Infinite Football (Fotbal infinit)

di Corneliu Porumboiu (2018)

Infinite Football (Fotbal infinit) Poster

It’s never too late to reconsider the rules

Il riassunto «Lo scorso autunno, un mio caro amico d’infanzia, Florin, mi ha raccontato che suo fratello, Laurentiu, aveva inventato un nuovo sport modificando le regole del calcio. Un mese dopo mi sono recato a Vaslui, la mia città natale, con una piccola troupe cinematografica per saperne di più su questo nuovo sport…» Imdb

Il commento Un curioso film rumeno, una specie di intervista (documentario? mockumentary? difficile capirlo, ma conta poco) a un signore che vuole cambiare le regole del gioco del calcio. Le sue idee sono inconcludenti e sicuramente piuttosto stupide, e l’intervistatore non manca di farglielo notare.

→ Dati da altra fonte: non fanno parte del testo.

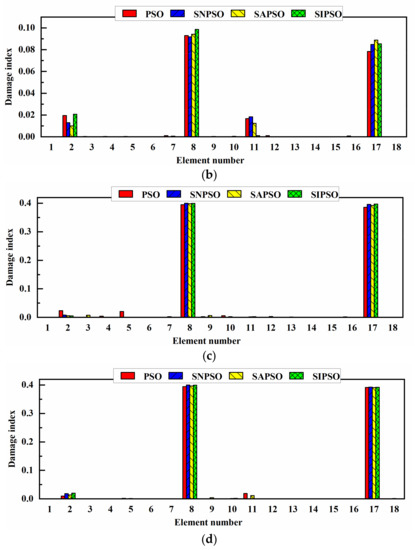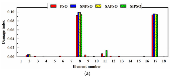 As shown in Figure 8a and Table 6, when the damage index is 10% and the noise level is set as 5%, the PSO algorithm can identify the damages at element 8 and element 17 except for seven obvious misjudged-as-damaged sections. In this condition, the SNPSO algorithm has two misjudged-as-damaged sections and the SAPSO algorithm has three misjudged-as-damaged sections. The identification result of the SIPSO algorithm is the best, with only one misjudged-as-damaged section at element 2.
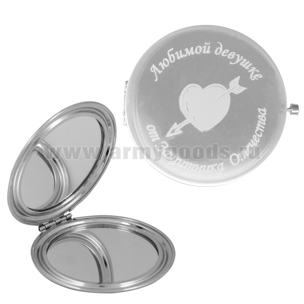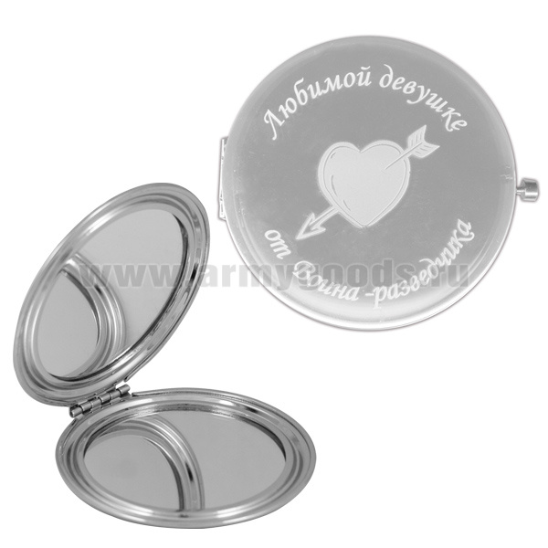 Зеркало карманное с лазерной гравировкой Любимой девушке от Воина-разведчика
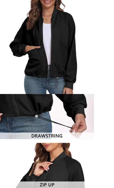 Bluza sport, cu maneca lunga, decolteu in V cu fermoar, neagra M
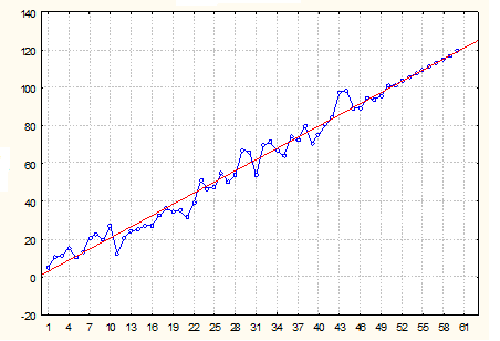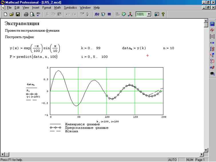- «Диаграмма с выборочными данными И интерполяцией (и экстраполяцией)» – синие маленькие точки (интерполяционная экстраполяция) должны хорошо совпадать с красными точками (выборочные данные).
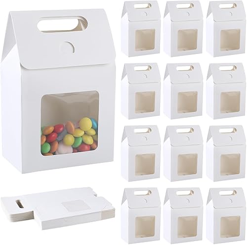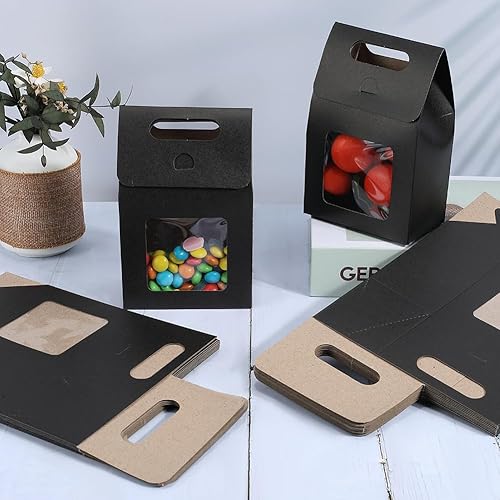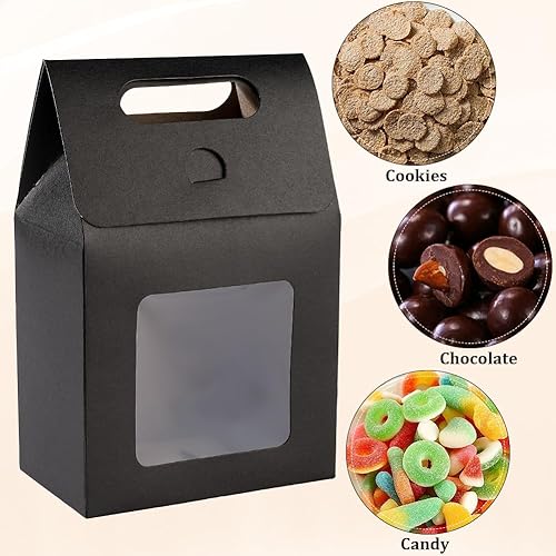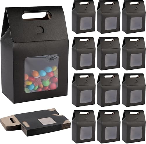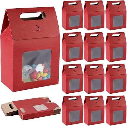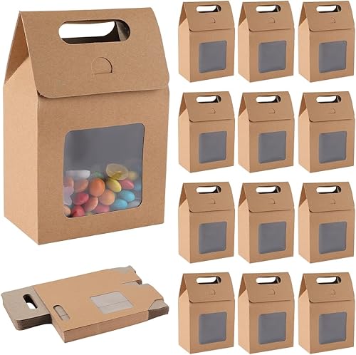 GORGECRAFT 24 Petit Sac Cadeau en Papier Kraft avec Fenêtre Mini Sac Cadeau en Papier avec Poignées Sacs de Rangement de Bonbons pour Biscuits Boulangerie Emballage de Biscuits Fête de Noël Magasin
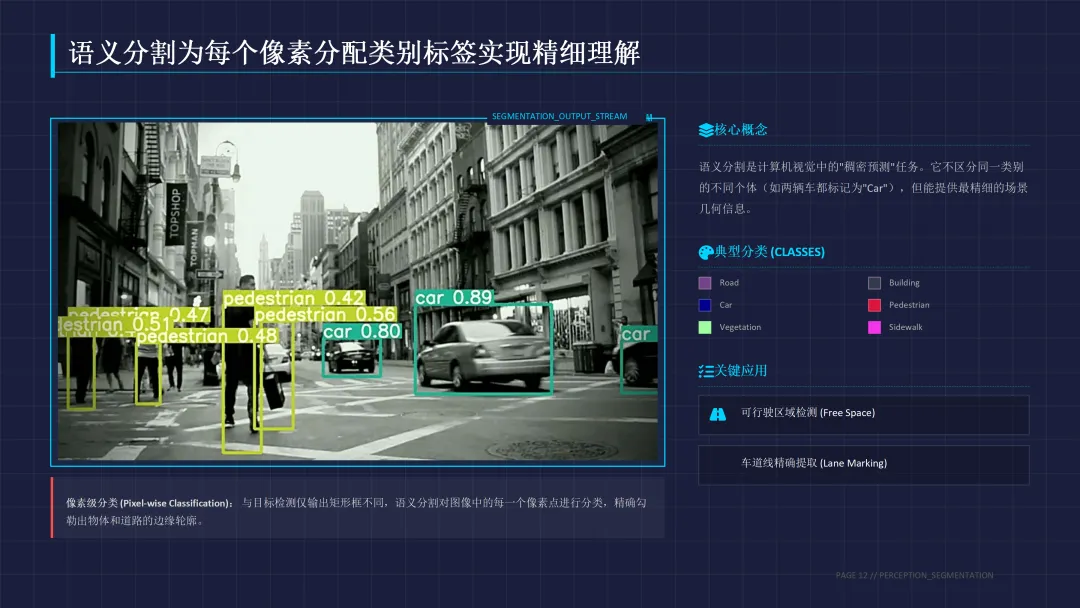 语义/实例分割 | 对图像或点云进行像素级或实例级的分类,以识别车道线、可行驶区域等。 | DeepLab系列, Mask R-CNN, U-Net |
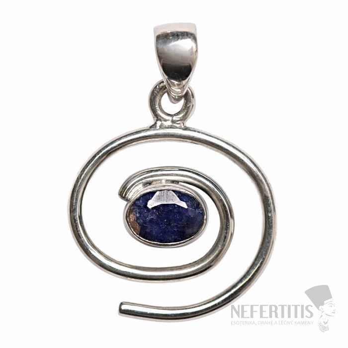 Beautiful designer silver pendant with blue cut Indian sapphire. Ag 925. Indian sapphire is a trade name for a natural stone, most often sillimanite or corundum, artificially dyed to the color of sapphire. It is therefore not a natural sapphire. You are buying the jewelry shown directly.
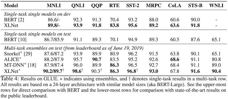 하지만 짧은 문장을 다루는 테스크에서는 XLNet이나 Transformer-XL가 가지는 긴 문장에 대한 이점을 충분히 활용할 수 없기 때문에, RACE나 SQuAD 만큼 dramatic한 성능 향상을 기대하긴 어려울 것 같습니다.
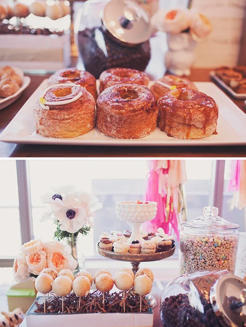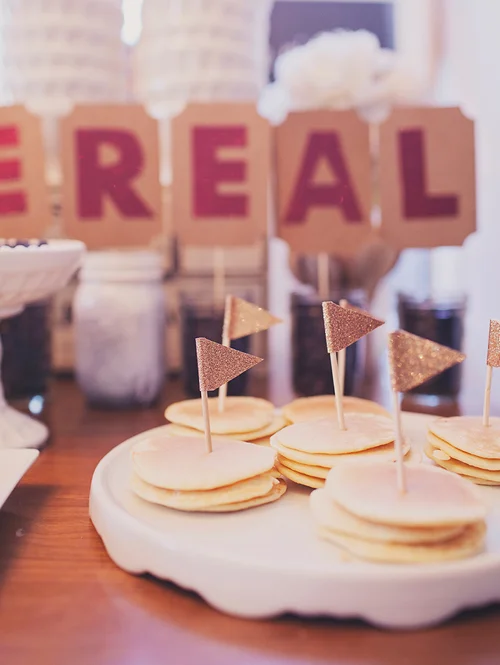 Ilana wanted to keep it small and have it on a Saturday morning. Immediately brunch came to mind and what would be better then pancakes and PJs! Coffee, peach bellinis, Chikalicious cronuts, mini cupcakes from Butter Lane and a cereal bar?! How could you go wrong with that!?
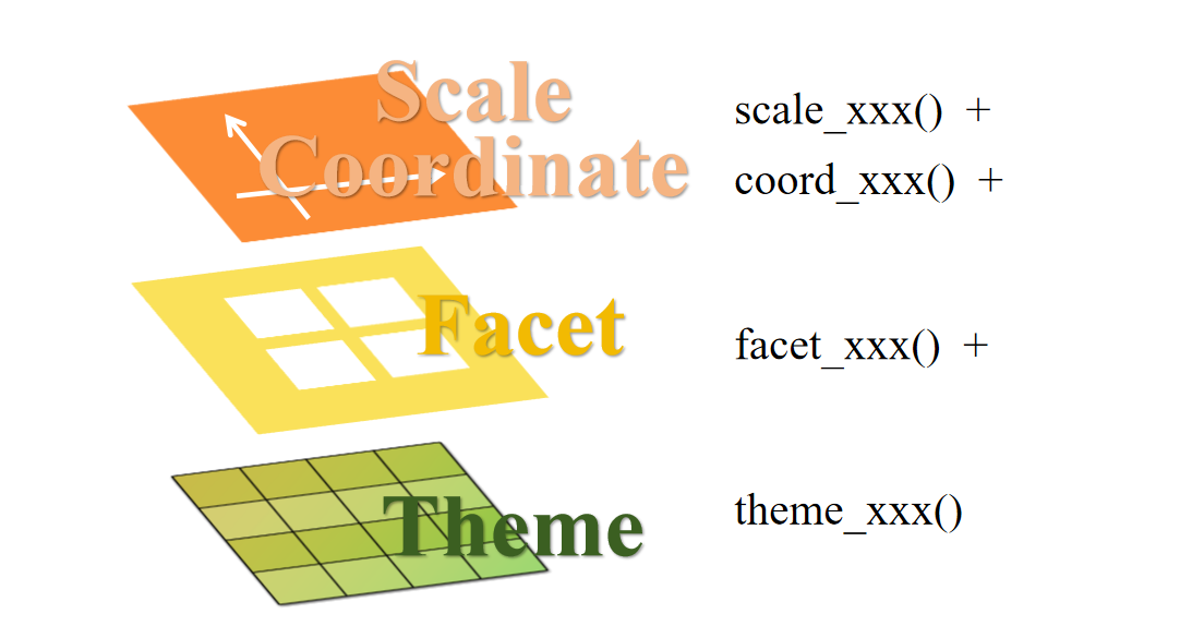 这些问题需要我们加入额外的图层来加以解决,这就是可选图层。例如我们可以用scale_xxx()函数自定义坐标轴的一些信息,用theme_xxx()函数来切换图片的主题。
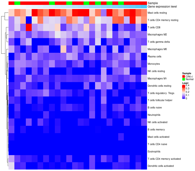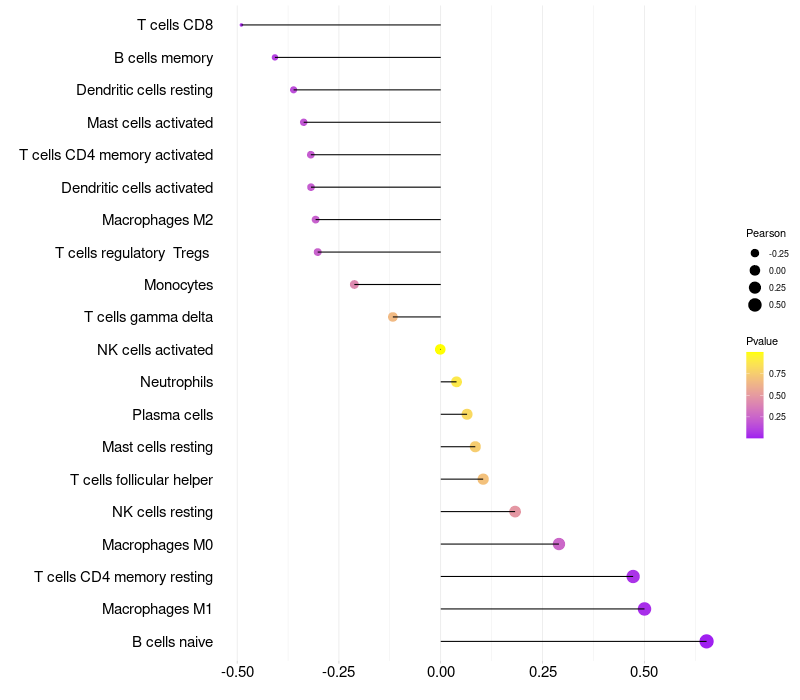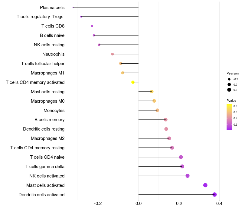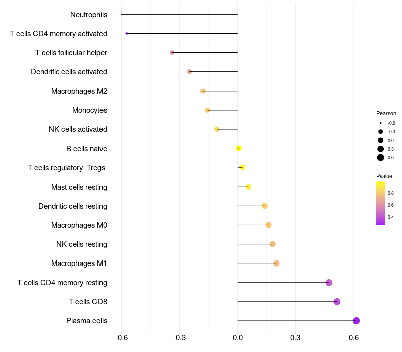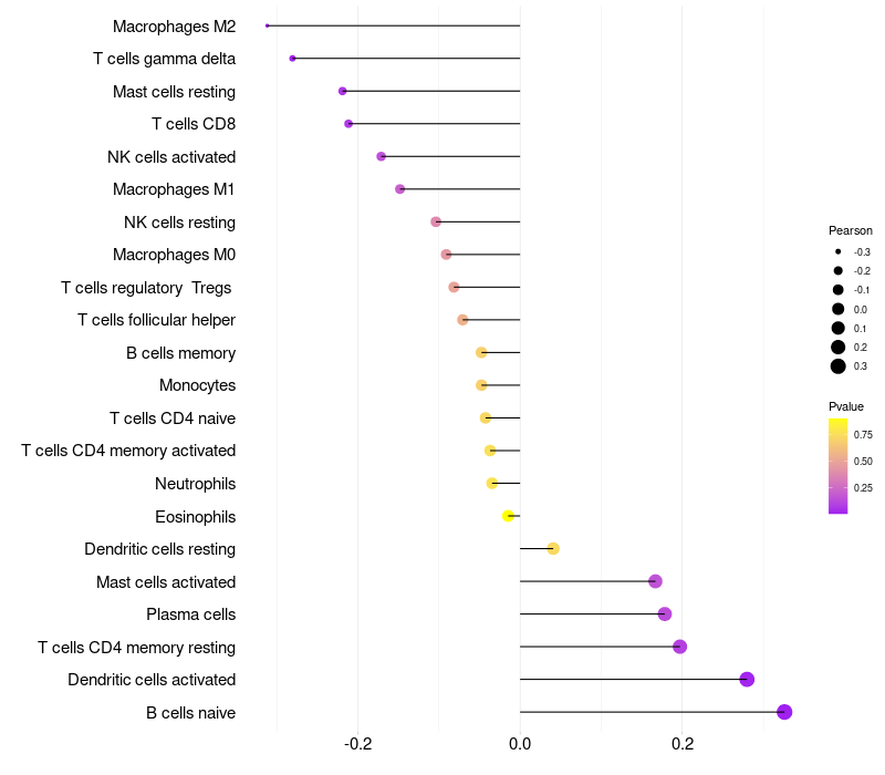 Lollipop of GPR89A expression and immune infiltrating cell level correlation result in HPV+ samples
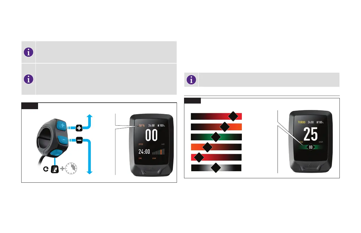 na niższy (z TURBO na SPORT, ECO, OFF), naciskaj przycisk (-). Aby zmienić
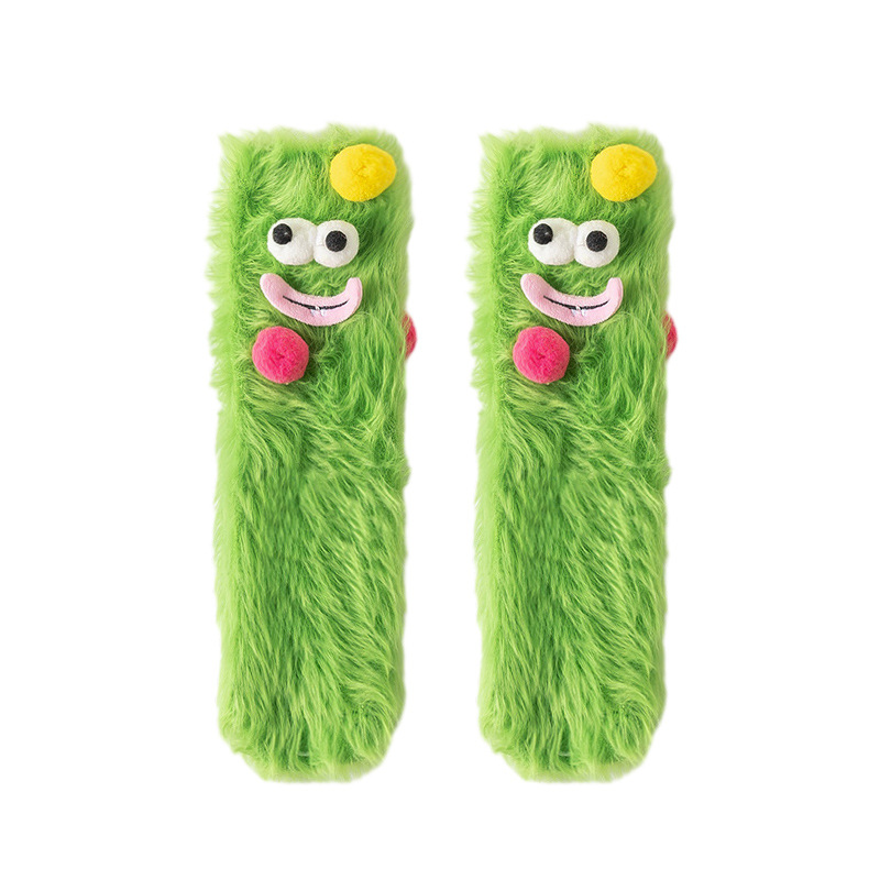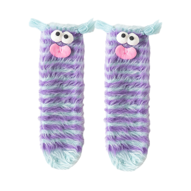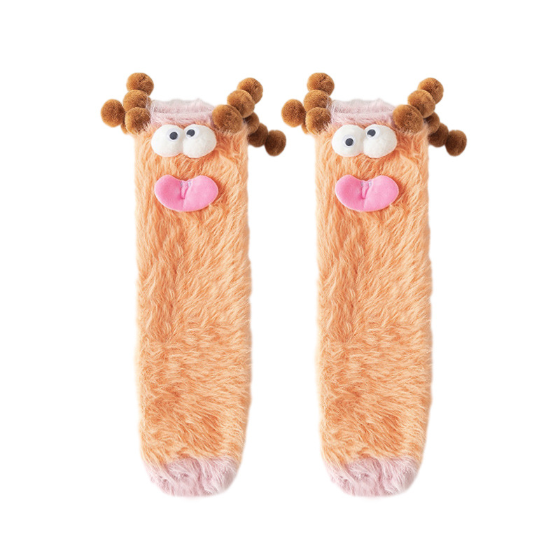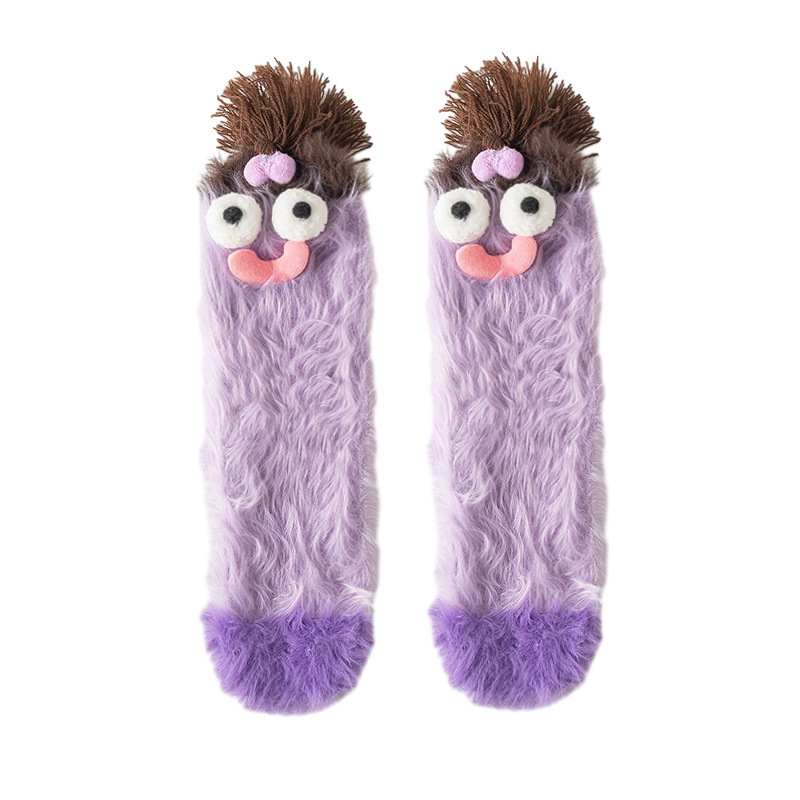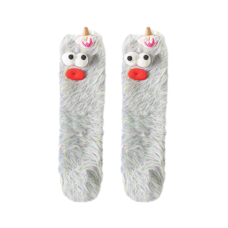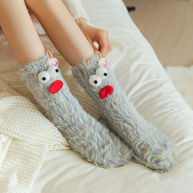 Cute Cartoon Fuzzy Socks – Women’s Winter Mid-Calf Thick Socks
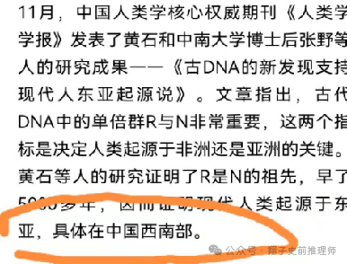 两年前,网等国度级支流就已经报道过欧洲权势巨子科研机构通过对古DNA检测,发觉现代欧亚人父系源于东亚南部。不只再次得出“现代人类发源于东亚”并且还更细致的指出“具体是正在中国西南部”。
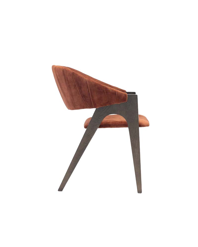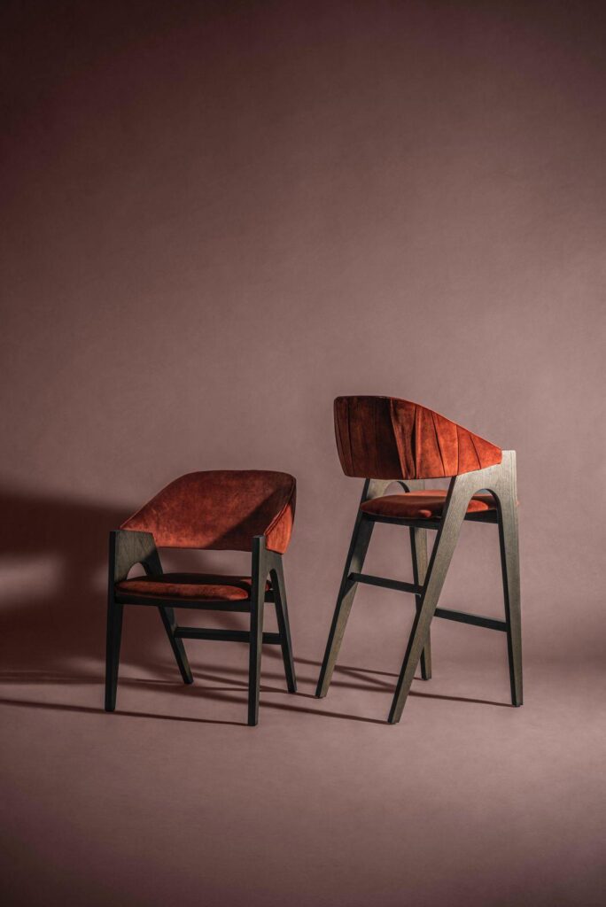 Wallace Armchair – The Wallace Armchair brings bold presence and refined craftsmanship together. With its rich wood frame, sculpted silhouette, and plush upholstery, this chair blends comfort with contemporary style. Its tailored back and seat ensure lasting support, while the strong lines and warm finishes make it an ideal piece for upscale dining rooms, lounges, and hospitality spaces. Upholstered in fabric, leather or faux leather. Available in a variety of wood stains, lacquers, and European Oak.
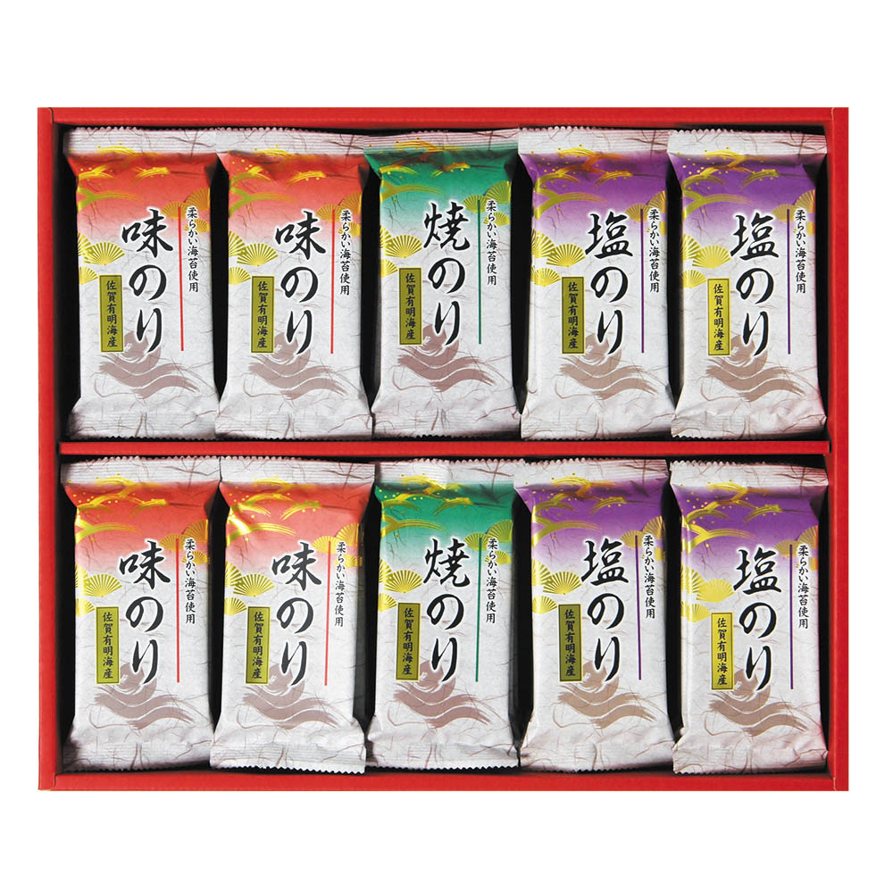 味のり・塩のり(各8切4枚×12)、焼のり(8切4枚×6)

Accanto alle discussioni sul regolamento del calcio, si vede parte della vita dell’intervistato, un impiegato pubblico rumeno…e si conclude la narrazione sfociando in un rant filosofico su Platone, decisamente incomprensibile sia nelle intenzioni che nella realizzazione. Di buono c’è vedere una provincia rumena poco nota, qualche lampo di umorismo cattivello. Non basta.

Postato il 03/07/2026


Decorado

di Alberto Vázquez (2025)

Decorado Poster

The world is a wonderful stage, but it has a deplorable cast.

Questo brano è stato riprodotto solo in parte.